Church history is filled with examples of binding and loosing, and how the church has and continues to interpret God’s will for our lives.

  • For a long time, because God said in Genesis 3:16 that women should endure pain in childbirth, anesthesia wasn’t given to women experiencing difficult labor.
  • In the United States, Ephesians 6 was used to justify chattel slavery because it says that Slaves are supposed to obey their masters.
  • Women were prevented from following a call to ministry and ay leadership in the church because in 1 Corinthians Paul wrote that women were to keep silent and not teach men.
  • Clergy were even prohibited from presiding at marriages of people who had been divorced because Jesus said such marriages break the commandments.

As the church, thank God that through Jesus we have been empowered to bind and to loose that which does not follow the law of love! Jesus called us as his beloved community to this task long ago. He called us to discern as the church what should be bound if it had become deadly or harmful and to loose whatever should be an example of his law of love.

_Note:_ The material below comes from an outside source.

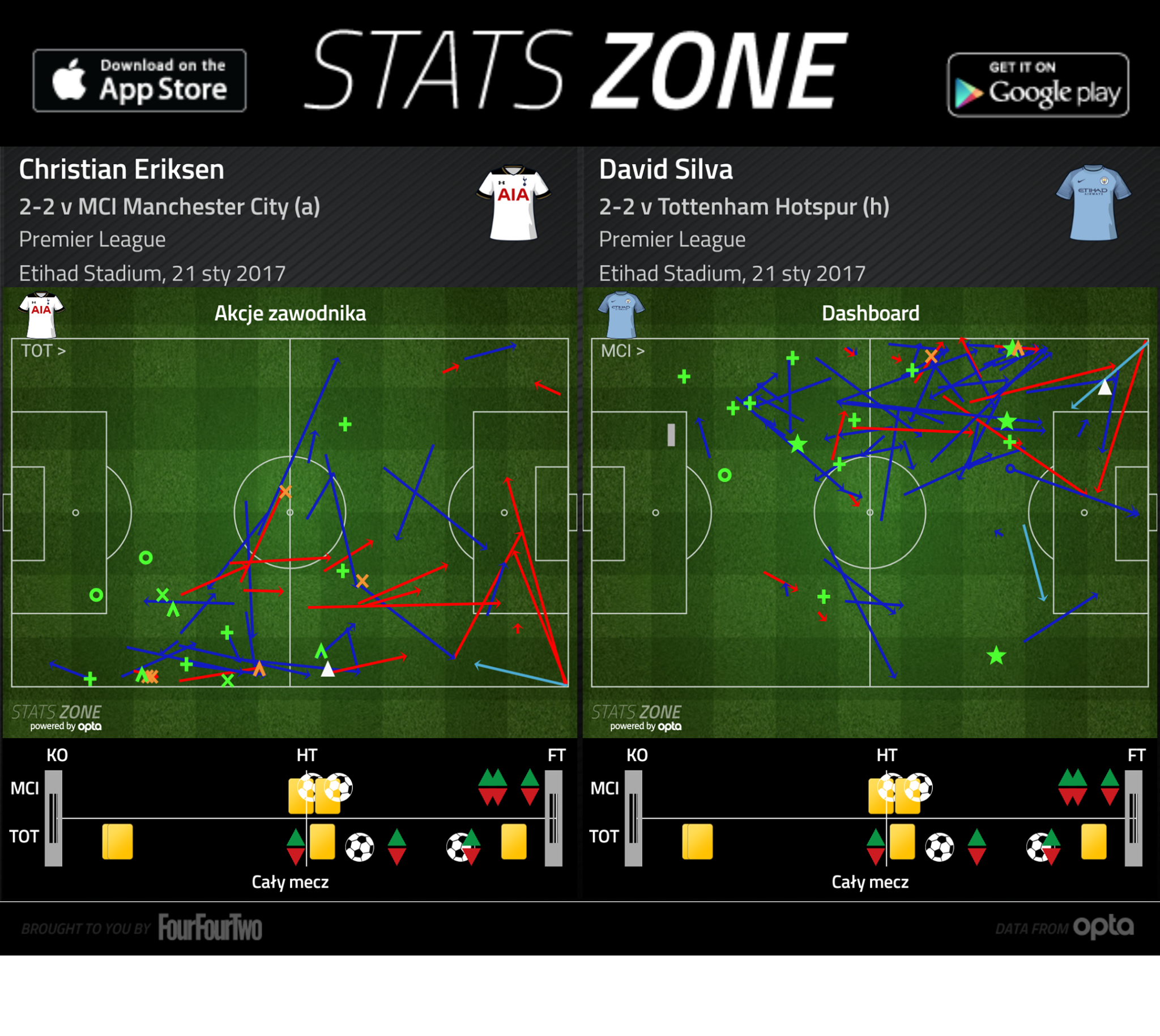 W pierwszej połowie wyglądało na to, że Guardiola ma rację. Tottenham nie mógł grać skrzydłami. Z początku próbował środkiem, gdzie jednak dryblingi Dembele były tyleż efektowne, co ostatecznie bezproduktywne, a potem został zdominowany i zepchnięty do defensywy w takiej skali po raz pierwszy w sezonie (o meczu tych drużyn na White Hart Lane Guardiola mówił, że był jedynym, w którym jego zespół wypadł gorzej od rywali – tym razem frazę musiał powtórzyć Pochettino). Lloris pewnie bronił strzały Silvy i Aguero, a dwa wybitne wślizgi Alderweirelda i Rose’a pozbawiły Zabaletę i Sterlinga niemal pewnych goli. Zaledwie 34 procent czasu przy piłce, tylko jeden kontakt z piłką w polu karnym rywala i żadnego strzału na bramkę – od takich statystyk Tottenhamu za kadencji tego trenera zdążyliśmy się odzwyczaić. O wpływie na grę świetnego w poprzednich meczach Eriksena najlepiej powie obrazek zestawiający go z Silvą; to Hiszpan dzielił i rządził między liniami przeciwników.

One person alone cannot discern such matters of faith and life. The community is essential, which is why the reconciliation Jesus spoke of is of crucial importance.

So, Faith Lutheran, what is it that must be bound, and what should be loosed? On my own, I can’t offer any answers. Yet as the church, as the assembled faithful, who claim faith in Jesus, it is our call, with the whole church of all the believers to engage with the law of love in this task of binding and loosing. I am sure that there will be times when each of us will be stretched as individuals. Stretched in our understanding of how we can truly love our neighbor as our self. Stretched beyond what we can possibly understand on our own.

I know that this is a big responsibility. Thanks be to God that we hold this with all of our siblings in Christ. Amen.